World can learn from China's policies on Africa

(China Daily)
Updated: 2007-02-06 07:16

JOHANNESBURG: China's increasing involvement in Africa may influence the nature of international relations with the continent, in an equal and mutually beneficial way, a senior South African official said.

With China's entry into Africa, "we begin to get everybody to understand the principles of sovereignty, equality, non-intervention in the affairs of other countries, and mutual benefits," South Africa's Deputy Foreign Minister Aziz Pahad said in a recent interview with Xinhua.

This "can even change the whole nature of how other countries deal with Africa," and "we can create the environment in which we can deal with other countries on a equal basis," Pahad said.

He made the remarks on the eve of President Hu Jintao's visit to South Africa.

Hu's visit "is an increasing sign that, as China emerges as a strong economic power in the world and as a permanent member of the United Nations Security Council, it has a major role to play," Pahad said.

He said China influences not only the world's political and economic situation, but more specifically in dealing with challenges that other countries are experiencing, particularly in Africa.

South Africa is part of Hu's eight-nation trip to Africa that began last week, three months after the Beijing Summit on China-Africa Cooperation held last November. At the forum, Chinese and more than 40 African leaders pledged to intensify cooperation on mutual development.

During Hu's visit, Pahad said, China and Africa will need to see how to follow up on decisions made during the Beijing summit, which include China's increasing aid to Africa and the expansion of two-way trade and investment. Pahad stressed that the South African government does not believe that China is coming to Africa as a new colonial power.

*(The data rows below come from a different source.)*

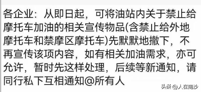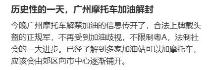 【广州即将解禁摩托车?你绝对是想多了】历史性的一天,广州摩托车加油解封!从相关通知可以看到,部分加油站收到通知,将摩托车禁止加油的相关物料撤下,有加油需求的可以允许。看来应该是先行措施,要等后续正式通知之后才公开。 目前经过部分人实测,广州部分加油站已经开始执行,无论是不是粤A的摩托车,都可以加油。不过 广州自2007年起全面禁摩,市中心区、广州大学城部分区域、广州火车南站部分范围严禁粤A摩托车驶入;全天24小时禁止外市籍摩托车在广州市行政区域内行驶。而除了禁摩之外,全广州的加油站都不给外地牌摩托车加油;禁行路段的加油站,不给粤A摩托车加油。 这个措施导致部分爱好摩托车的车主经常用小车加油,之后再从小车油箱抽出油的方式给摩托车加油。而且还要时刻关注油量情况,以免路上抛锚。甚至有的车主还会分装汽油在瓶子里储存备用,很容易引发安全问题。 很多人会把这次加油解禁看成是广州即将解禁摩托车的信号,不过这应该是想多了!要知道现在广州管理电鸡都焦头烂额了,肯定是不会再解禁摩托车了。 其实这次解禁摩托车的主要原因是全国人大常委会法制工作委员会主任沈春耀在12月22日向十四届全国人大常委会第十九次会议报告了2025年备案审查工作情况,其中正式提到审查纠正禁摩地方立法禁止行驶区域内的加油站禁止向摩托车供油的做法,称其为“额外增加的不必要限制性措施”,翻译成大白话就是摩托车禁行无牌等违法行为应该是由交警来负责,而设置摩托车加油限制是额外的法外限制,没有法律依据,而且加油站也没有这种限制权限,会人为增加社会矛盾。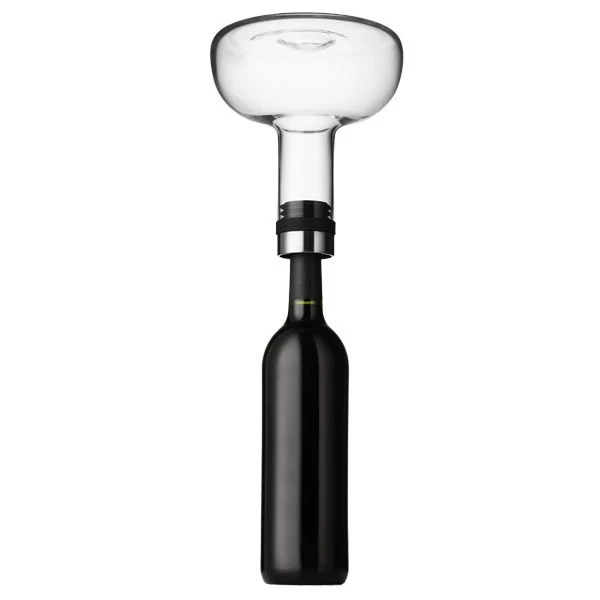 The beautiful decanter, originally invented by wine expert Peter Ørsig, is also easy to use: place the bottle on the table and attach the carafe to the bottleneck. Then, carefully turn the bottle over and allow the wine to flow into the carafe. The wine breather spreads the wine so that it splashes through the neck of the carafe and flows down its sides, providing the maximum possible surface area. The wine can be served in the refined carafe, but if you prefer to have the original bottle on the table, just turn the carafe over again and the wine flows back into the bottle.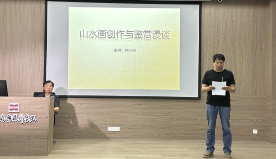讲座伊始,邹东升首先对桂行创的学术成就进行了详细介绍,并对桂老师的到来表示热烈的欢迎和衷心的感谢。随后,桂老师以深厚的艺术造诣和丰富的实践经验,从美术史与中国画的演变、写生与创作、写意三个方面进行了精彩的讲解。桂老师强调,无论是山水还是人物创作,深入了解美术史至关重要。他从展子虔的《游春图》梳理到李思训、李昭道父子的青绿山水,再到陈独秀、胡适、蔡元培等人推动的西洋画改良中国画的历程,使同学们对中国山水画的发展脉络有了清晰的认识。在谈到写生与创作时,桂老师表示,写生是创作的基石,具有独特的魅力。他详细阐述了“外师造化 中得心源”的理念,并分享了个人在写生过程中的心得体会。关于写意,桂老师结合自己的山水画作品,向同学们介绍了水墨技法的运用和艺术哲学的思考,使同学们对山水画创作有了全新的认识和理解。

"We reject that argument," he said, adding that China has cancelled most of the debt in Africa and has forged partnerships with African countries.

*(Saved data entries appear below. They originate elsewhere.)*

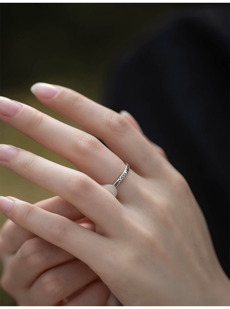 芸尚純手彫り桜s925泰銀指輪女性レトロ個性ins小衆カップル開口アクセサリー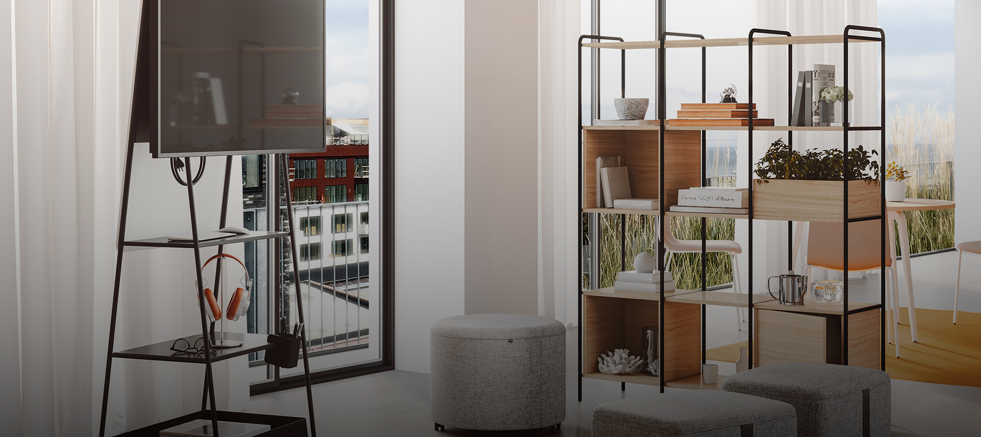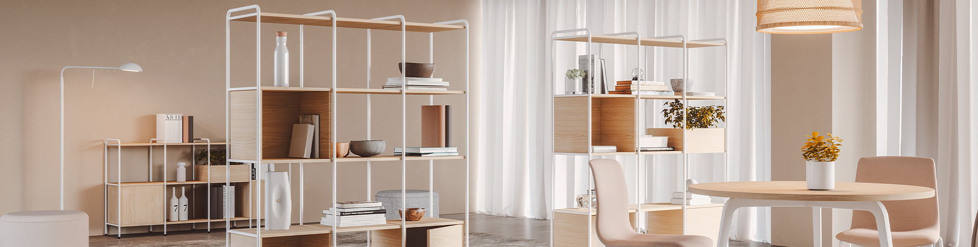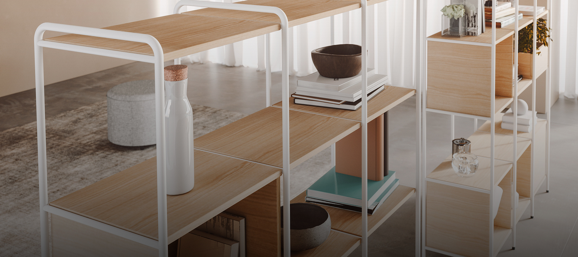 Sein funktionelles Design eignet sich ideal als dekorative Aufbewahrungslösung für Büroräumlichkeiten, Coworking-Spaces oder Home-Offices.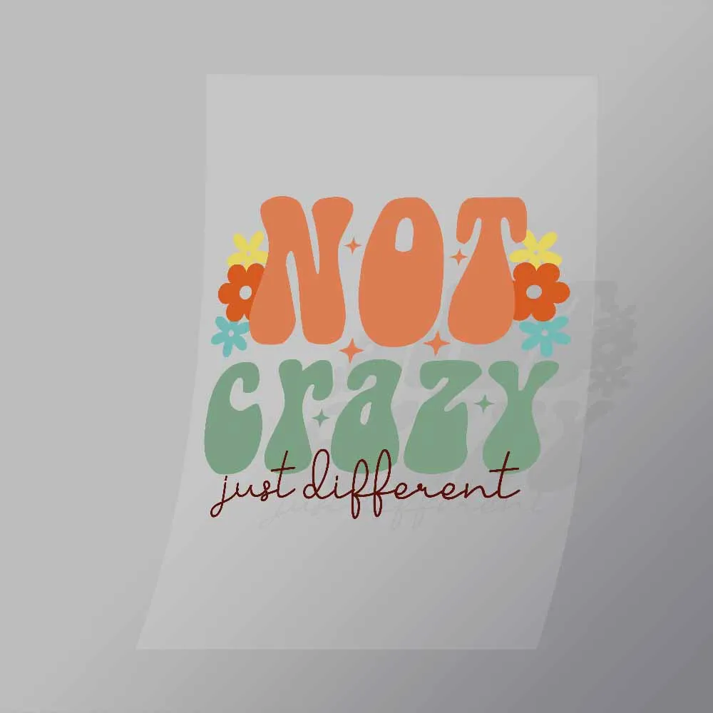 A great Not Crazy Just Different DTF (Direct to Film) Transfer available in multiple sizes. (Beased on width at artwork aspect ratio)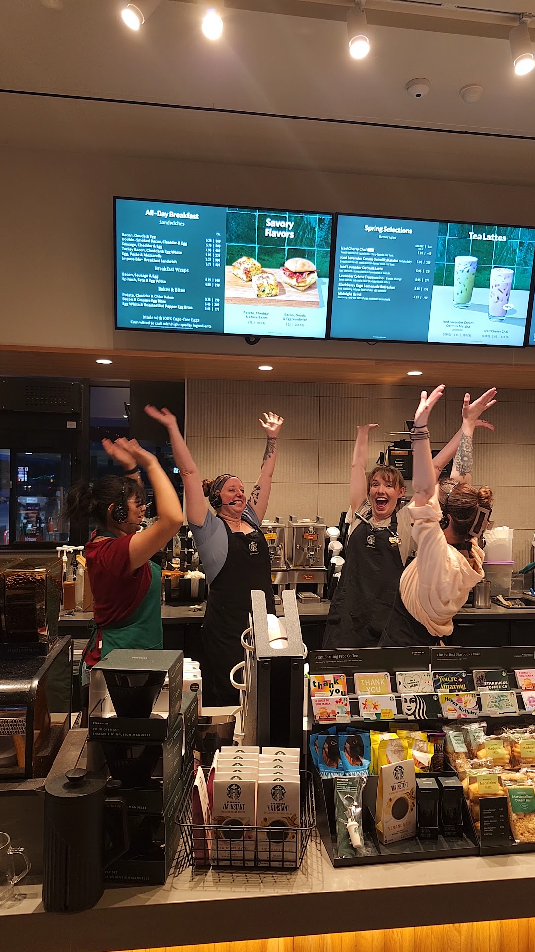 Read moreI have a Starbucks that is closer to me on Emerson but I will drive the extra mile to come here based on these things. The parking lot is not chaotic and the lines flow quickly and smoothly. I often order ahead because I hate feeling rushed and more times than not get stressed out and order the wrong thing or something I didnât actually want. The male barista did not make me feel rushed and actually helped me to make sure I got exactly what I was trying to get and was kind. The female barista at the window double checked to make sure I had everything I needed and wasnât just quickly handing things off so I could get settled and things passed out to my kids and I appreciated that extra effort. She was also kind...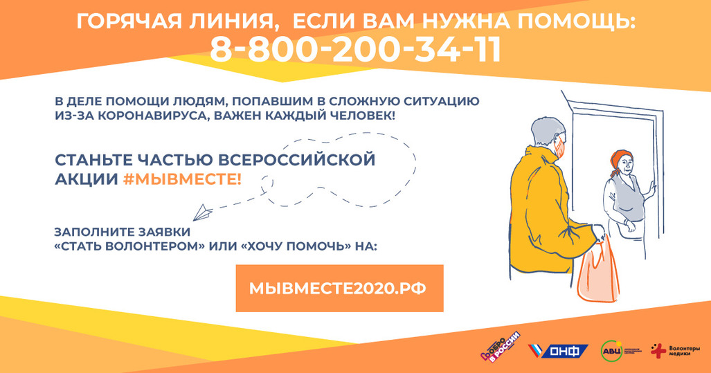 Всероссийский колл-центр принимает заявки по номеру 8-800-200-34-11 на доставку продуктов и лекарств, других предметов первой необходимости. Волонтеры помогают в оплате услуг ЖКХ и оформлении больничных листов. «Ростелеком» предоставил 5 тысяч сим-карт для поддержания бесперебойной связи между ними и ОНФ.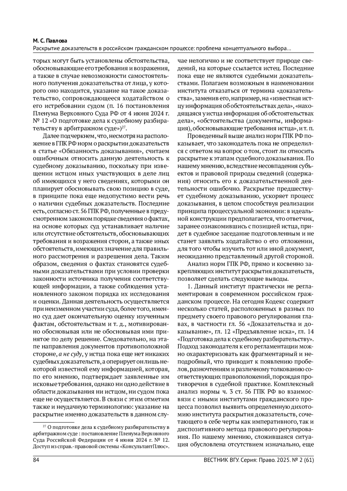 По нашему мнению, наиболее неэффективным и непоследовательным является подход российского законодателя, положенный в основу при введении норм о раскрытии доказательств в орбиту гражданского процесса. В рамках существующей нормативно-правовой формализации в ГПК РФ регулирование института не содействует достижению целей и задач гражданского судопроизводства, в первую очередь, не реализуется задача правильного и своевременного рассмотрения дела. В данном случае речь идет не о формальном определении термина и не о механическом заимствовании зарубежного опыта. Полагаем необходимым, прежде всего, на концептуальном уровне решить вопрос о целесообразности закрепления соответствующих норм в ГПК РФ и месте раскрытия среди институтов процессуального права (принцип процесса, этап судебного доказывания, условие реализации права на иск, правило доказывания, условие допуска судом конкретных сведений в процесс и т. д.), и исходя из этого регламентировать в Кодексе процессуальную форму – конкретный процессуальный порядок, систему совершения последовательных действий, что предполагает определение момента раскрытия с указанием на его императивный / диспозитивный характер, субъектов и объектов (содержание) раскрытия, сроков направления необходимой информации участвующим в деле лицам, возможных неблагоприятных последствий при нарушении порядка раскрытия, видах раскрытия и т. д.

China's decision to limit its exports of textile products to South Africa for two years is a good example, Pahad said. South Africa's industry and trade unions have long accused low-price Chinese products of flooding the local market and against which they were unable to compete.

"I think that is a good political indication that China is willing to listen, even if they don't necessarily agree, to see where they can help developing countries," Pahad said.